Accès aux soins et déremboursement
La formation des soignants n’explique pas, à elle seule, les faillites de la contraception. Pour justifier l’hégémonie des prescriptions de pilule sur les autres moyens de contraception, les médecins avancent d’autres facteurs, d’abord scientifiques. « Le patch et l’anneau présentent les mêmes risques thromboemboliques et contre-indications que les pilules. L’implant n’est pas forcément bien toléré, notamment chez les patientes qui ne peuvent pas avoir de progestatif », précise le Dr Brigitte Letombe. Quant au dispositif intra-utérin, « la pause reste délicate, surtout chez les jeunes filles, le multipartenariat est un problème ». « On ne devrait pas systématiquement taper sur la pilule : ce n’est pas étonnant que les femmes s’en détournent. Mais on n’a pas trouvé d’alternative miracle » prévient le Dr Magnier.

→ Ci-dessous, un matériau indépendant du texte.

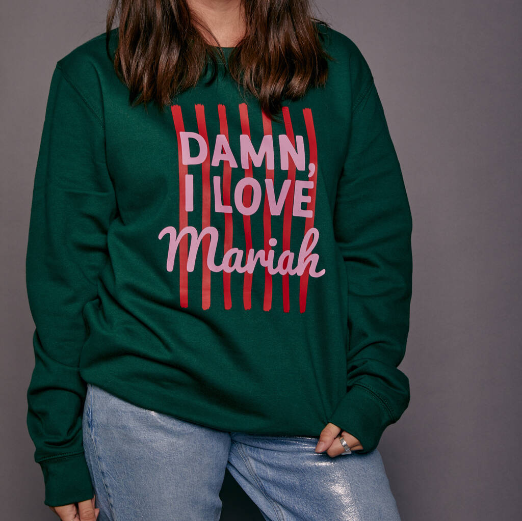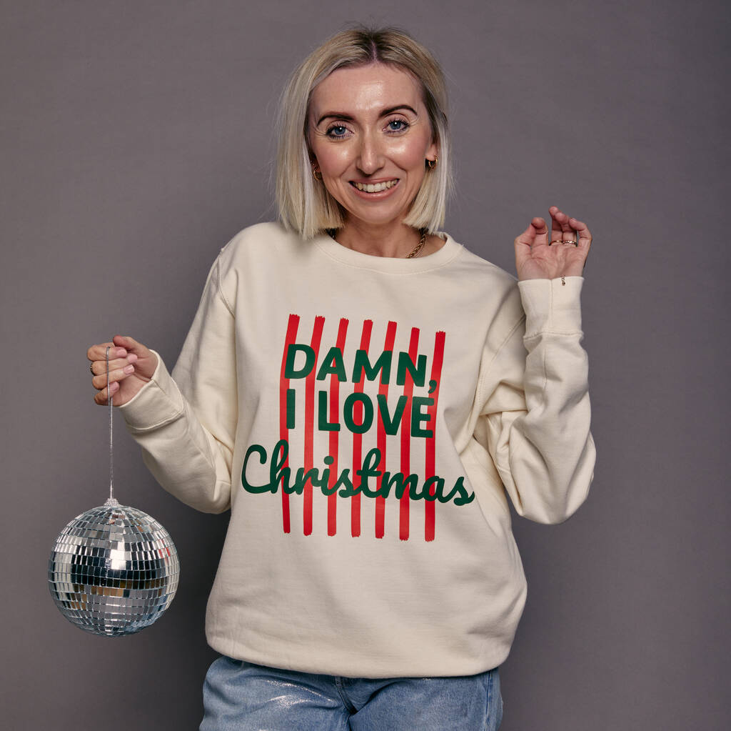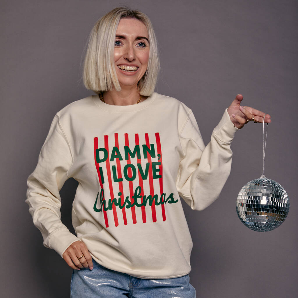Personalised 'Damn I Love…' Slogan Christmas Sweatshirt

Les professionnels appellent tous à la mise en place d’une éducation à la sexualité et à la vie affective à l’école, afin de changer l’imaginaire qui entoure la contraception. Reste enfin le récurrent obstacle financier, qui pèse lourdement sur l’accès aux soins. « Je ne peux pas prescrire de patch ni d’anneau : je suis obligée, à 90 %, de conseiller des moyens remboursés », résume le Dr Céline Fleury. À ce titre, l’annonce du déremboursement des pilules de 3e génération a soulevé un vent de protestation au sein de toute la profession (voir encadré).